The reason why Israel has always protested such moves - and should have opposed such a summit now – is that there is not much probability that within a constellation where it would face Arab states, Russia, the United Nations and the European Union alone it would not find itself in an inferior position.
True, the US will also be present; however, even America's current guiding interests do not always tie in with Israel's guiding interests. In any event, it would be hard to expect the Americans - in their current international and shaky position - to strongly confront the other participants, particularly as their positions do not differ much from those of the other parties in the diplomatic equation on critical topics such as Jerusalem, settlements and even borders.
Abbas wants final-status talks
The US is only close to us on the matter of refugees, but even on this matter it would require much determination and diplomatic wisdom on Israel's part to prevent a formula such as the one raised and dropped in Taba, which in principle would have recognized the rights of refugees to enter the State of Israel, while also opening the door for the realization of such a "right."
Mahmoud Abbas has already made clear what he would demand at the planned summit: To immediately engage in talks on a final-status agreement based on the desirable Palestinian positions of course.
Bush's address alludes to the fact that the US at least partially supports this claim, if not all its details. "But Israel went to the Madrid summit," some will say, "wasn't that an international summit?" The answer is no. Madrid was nothing but a festive international ceremony for embarking on direct and indirect talks without preconditions between Israel and its enemies: Jordan and the Palestinians, Syria and Lebanon.

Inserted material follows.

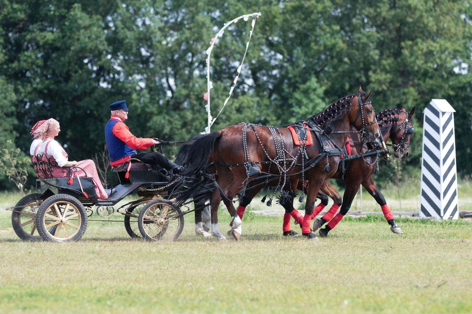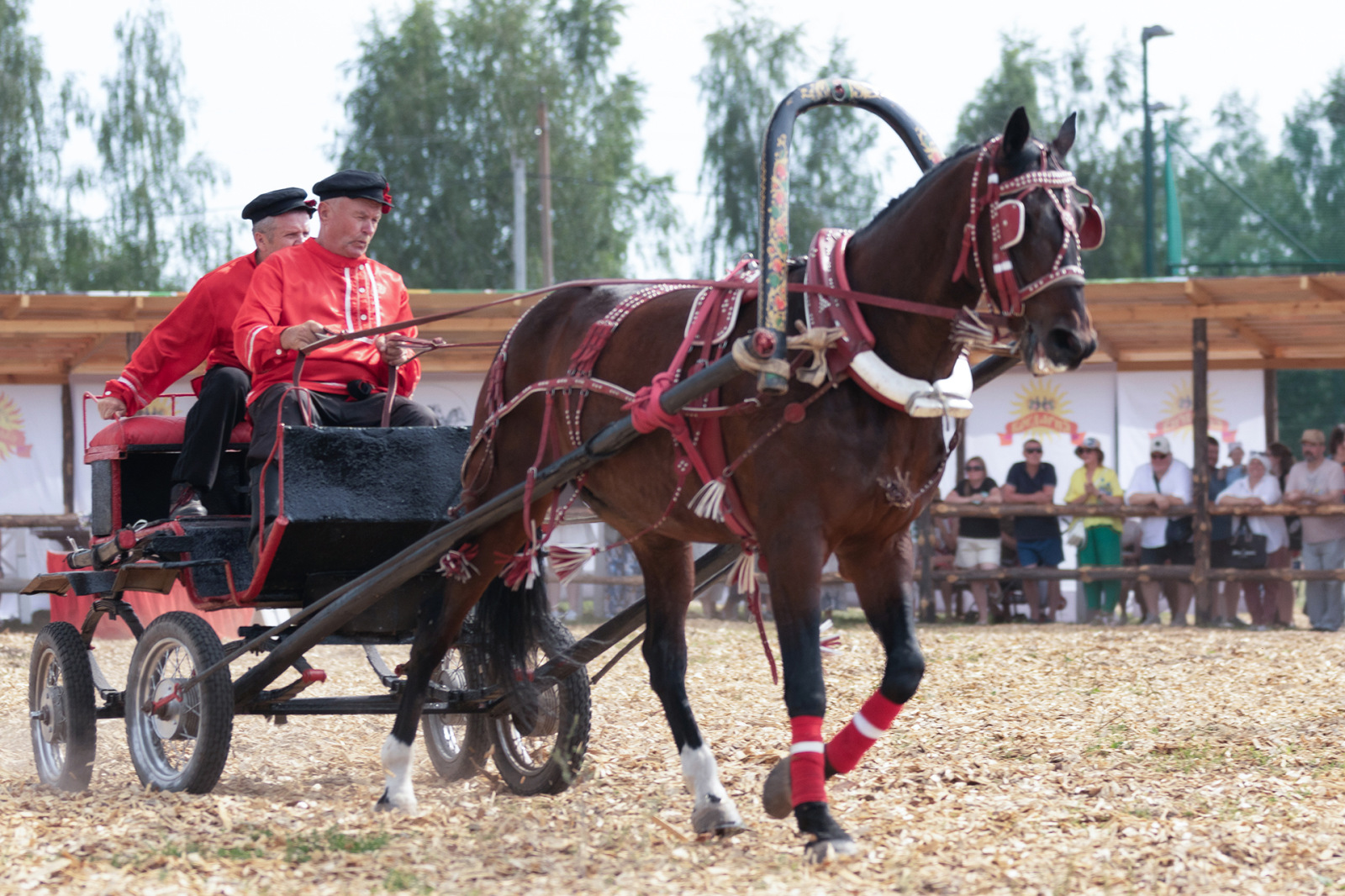 Не менее зрелищным событием Чемпионата стал Турнир по драйвингу - захватывающее состязание одиночных и парных упряжек. Всего выступало 8 одноконных и двух экипажей из Богдарни, Вельска, Вологды, Московской области.

Moreover, ahead of the talks, Israel received from the US a list of commitments and agreements that were likely to have had long-term importance - had they been immediately implemented in the Oslo Agreement.
For some reason, our cabinet believes that its ties with the international community have improved to such an extent that there is no reason to fear pressure on crucial matters. Yet even if some improvement has been made in this regard, it will not suffice to guarantee that the planned international summit will present stable and reliable support of our positions in some crucial matters from our point of view.
Bush's address also contains a few positive points such as the call on Arab states (particularly Saudi Arabia) to recognize the State of Israel, but it is not enough to mitigate the main clause calling for an international summit in November.